## Assignment:
Output the lines of the records from the one containing "マニッシュなスーチング素材で" through the last, both ends included. Leave pictures out.

Data entries
· · ·

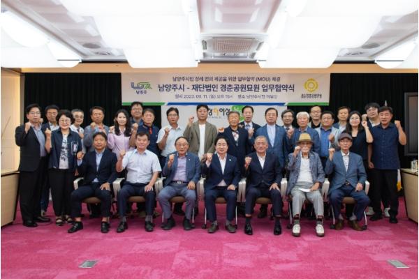 [한국뉴스타임=편집국] 남양주시는 11일 남양주시청 여유당에서 강원도 춘천시 서면에 위치한 (재)경춘공원묘원(이사장 최흥순)과 경춘공원묘원 내 남양주시민 전용묘역 조성 및 상호협력을 위한 업무협약을 체결했다고 밝혔다.
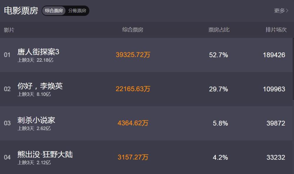 对于陈思诚来说,也许唐探3的总票房会让他和投资方是相当满意的。
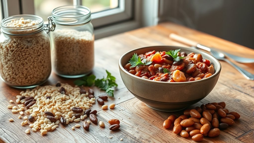 To enhance the flavor of simple bean and grain dishes, try spice blending and herb infusions. Mix in a pinch of cumin, paprika, or chili powder to add warmth and depth. Fresh herbs like cilantro, parsley, or basil brighten the dish, while infusing oils with garlic or lemon can elevate the taste. Experimenting with these techniques makes your meals more vibrant without extra effort or cost.
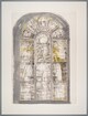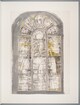 Baie composé d’un arc en plein cintre au centre accolé de deux baies rectangulaires et surmonté de cinq ouvertures en forme de pétale. Effets de lumière et de perspective rendus par un quadrillage sur fonds gris parsemé de touches jaunes et rouges.
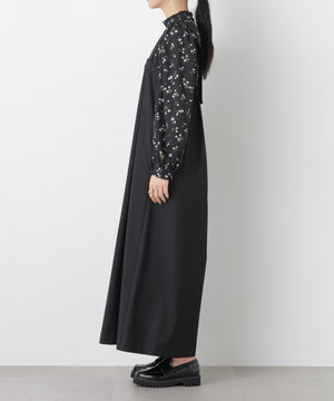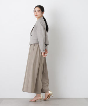 マニッシュなスーチング素材で仕立てたワイドフレアサロペット。たっぷりとした分量感で広がるフレアシルエットが特徴。歩くたびに揺れるスカートライクなシルエットで、着こなしに動きを演出します。
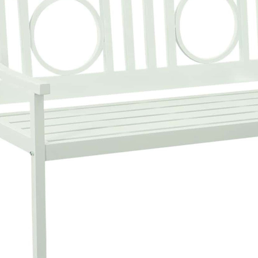 - Chic white coloration with a slat and geometric design is casually elegant and compliments most any outdoor space.

· · ·

## Response to the task:
 マニッシュなスーチング素材で仕立てたワイドフレアサロペット。たっぷりとした分量感で広がるフレアシルエットが特徴。歩くたびに揺れるスカートライクなシルエットで、着こなしに動きを演出します。
 - Chic white coloration with a slat and geometric design is casually elegant and compliments most any outdoor space.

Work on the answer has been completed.